▶ Task statement: With pictures removed, output every record below exactly as written.

▶ Recorded information:
*** Block opens ***

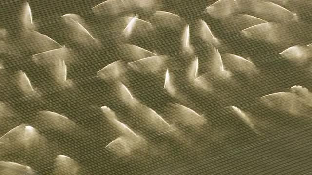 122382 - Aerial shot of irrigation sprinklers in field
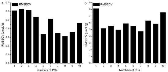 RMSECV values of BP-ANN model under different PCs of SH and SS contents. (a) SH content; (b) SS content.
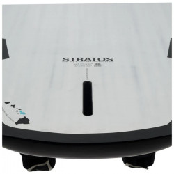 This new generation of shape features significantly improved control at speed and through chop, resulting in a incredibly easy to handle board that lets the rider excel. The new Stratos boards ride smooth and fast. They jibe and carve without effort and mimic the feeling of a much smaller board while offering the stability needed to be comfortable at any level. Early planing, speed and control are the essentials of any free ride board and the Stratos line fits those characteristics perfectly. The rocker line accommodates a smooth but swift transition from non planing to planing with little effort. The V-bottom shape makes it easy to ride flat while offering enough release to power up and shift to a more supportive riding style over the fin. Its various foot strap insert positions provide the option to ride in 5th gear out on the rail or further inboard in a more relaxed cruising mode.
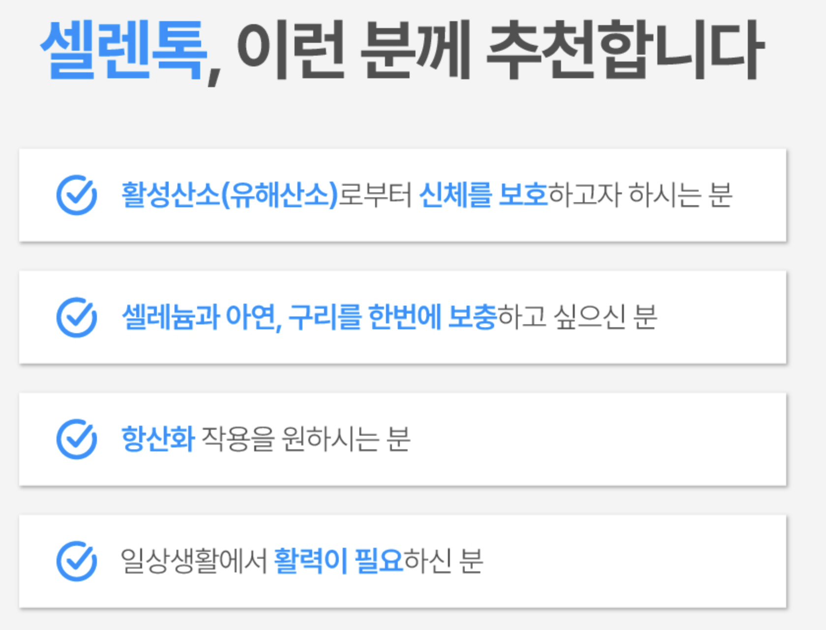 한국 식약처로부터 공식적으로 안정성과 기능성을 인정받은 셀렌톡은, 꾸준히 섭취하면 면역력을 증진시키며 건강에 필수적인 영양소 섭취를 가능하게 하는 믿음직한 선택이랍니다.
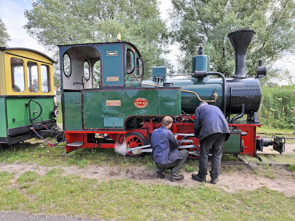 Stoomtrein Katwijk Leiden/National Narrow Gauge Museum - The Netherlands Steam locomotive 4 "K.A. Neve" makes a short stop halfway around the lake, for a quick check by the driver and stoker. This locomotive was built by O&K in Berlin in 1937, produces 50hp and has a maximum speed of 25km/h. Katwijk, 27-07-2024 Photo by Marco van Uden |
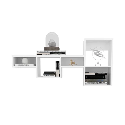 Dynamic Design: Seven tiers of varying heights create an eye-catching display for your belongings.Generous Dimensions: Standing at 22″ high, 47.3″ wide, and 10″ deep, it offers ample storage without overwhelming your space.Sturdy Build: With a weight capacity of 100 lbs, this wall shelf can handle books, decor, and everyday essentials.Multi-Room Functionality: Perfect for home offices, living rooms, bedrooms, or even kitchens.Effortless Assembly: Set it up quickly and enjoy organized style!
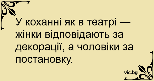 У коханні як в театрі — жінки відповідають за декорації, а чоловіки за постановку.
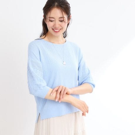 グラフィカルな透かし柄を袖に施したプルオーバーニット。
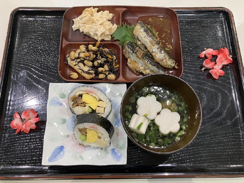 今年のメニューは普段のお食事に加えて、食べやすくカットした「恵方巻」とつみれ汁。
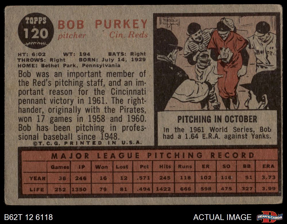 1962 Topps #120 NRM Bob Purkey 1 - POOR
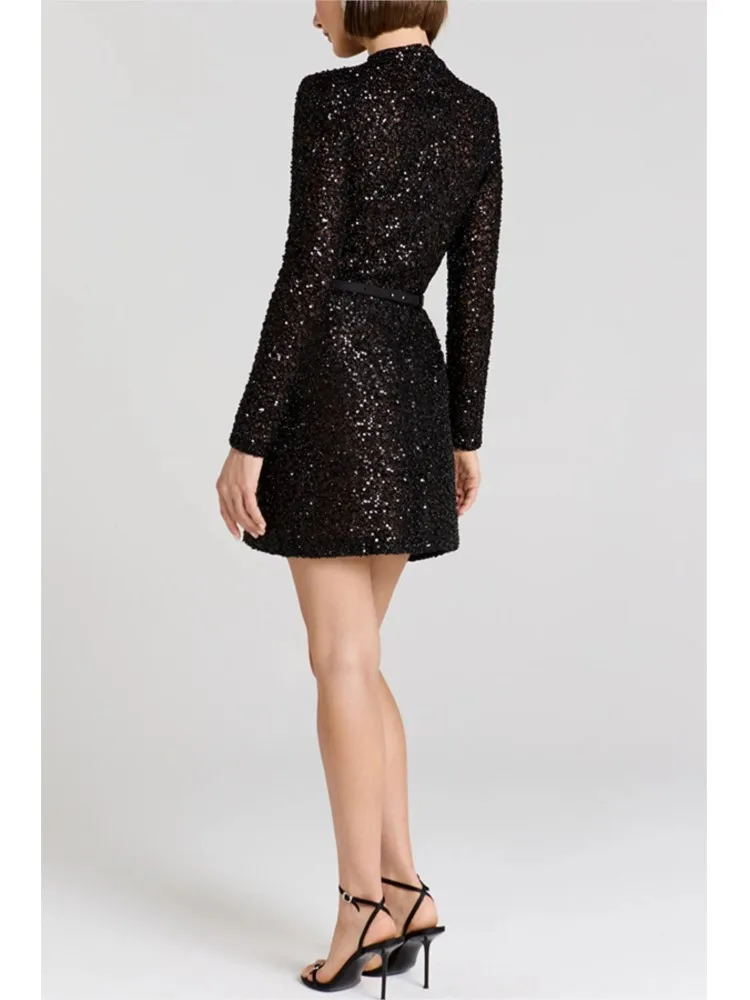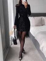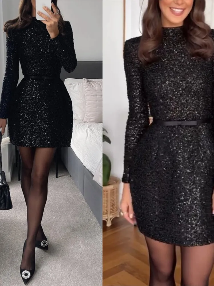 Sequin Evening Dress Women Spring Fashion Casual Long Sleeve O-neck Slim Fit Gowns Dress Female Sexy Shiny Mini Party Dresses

*** Block closes ***

▶ Reply to the exercise:
 122382 - Aerial shot of irrigation sprinklers in field
 RMSECV values of BP-ANN model under different PCs of SH and SS contents. (a) SH content; (b) SS content.
 This new generation of shape features significantly improved control at speed and through chop, resulting in a incredibly easy to handle board that lets the rider excel. The new Stratos boards ride smooth and fast. They jibe and carve without effort and mimic the feeling of a much smaller board while offering the stability needed to be comfortable at any level. Early planing, speed and control are the essentials of any free ride board and the Stratos line fits those characteristics perfectly. The rocker line accommodates a smooth but swift transition from non planing to planing with little effort. The V-bottom shape makes it easy to ride flat while offering enough release to power up and shift to a more supportive riding style over the fin. Its various foot strap insert positions provide the option to ride in 5th gear out on the rail or further inboard in a more relaxed cruising mode.
 한국 식약처로부터 공식적으로 안정성과 기능성을 인정받은 셀렌톡은, 꾸준히 섭취하면 면역력을 증진시키며 건강에 필수적인 영양소 섭취를 가능하게 하는 믿음직한 선택이랍니다.
 Stoomtrein Katwijk Leiden/National Narrow Gauge Museum - The Netherlands Steam locomotive 4 "K.A. Neve" makes a short stop halfway around the lake, for a quick check by the driver and stoker. This locomotive was built by O&K in Berlin in 1937, produces 50hp and has a maximum speed of 25km/h. Katwijk, 27-07-2024 Photo by Marco van Uden |
 Dynamic Design: Seven tiers of varying heights create an eye-catching display for your belongings.Generous Dimensions: Standing at 22″ high, 47.3″ wide, and 10″ deep, it offers ample storage without overwhelming your space.Sturdy Build: With a weight capacity of 100 lbs, this wall shelf can handle books, decor, and everyday essentials.Multi-Room Functionality: Perfect for home offices, living rooms, bedrooms, or even kitchens.Effortless Assembly: Set it up quickly and enjoy organized style!
 У коханні як в театрі — жінки відповідають за декорації, а чоловіки за постановку.
 グラフィカルな透かし柄を袖に施したプルオーバーニット。
 今年のメニューは普段のお食事に加えて、食べやすくカットした「恵方巻」とつみれ汁。
 1962 Topps #120 NRM Bob Purkey 1 - POOR
 Sequin Evening Dress Women Spring Fashion Casual Long Sleeve O-neck Slim Fit Gowns Dress Female Sexy Shiny Mini Party Dresses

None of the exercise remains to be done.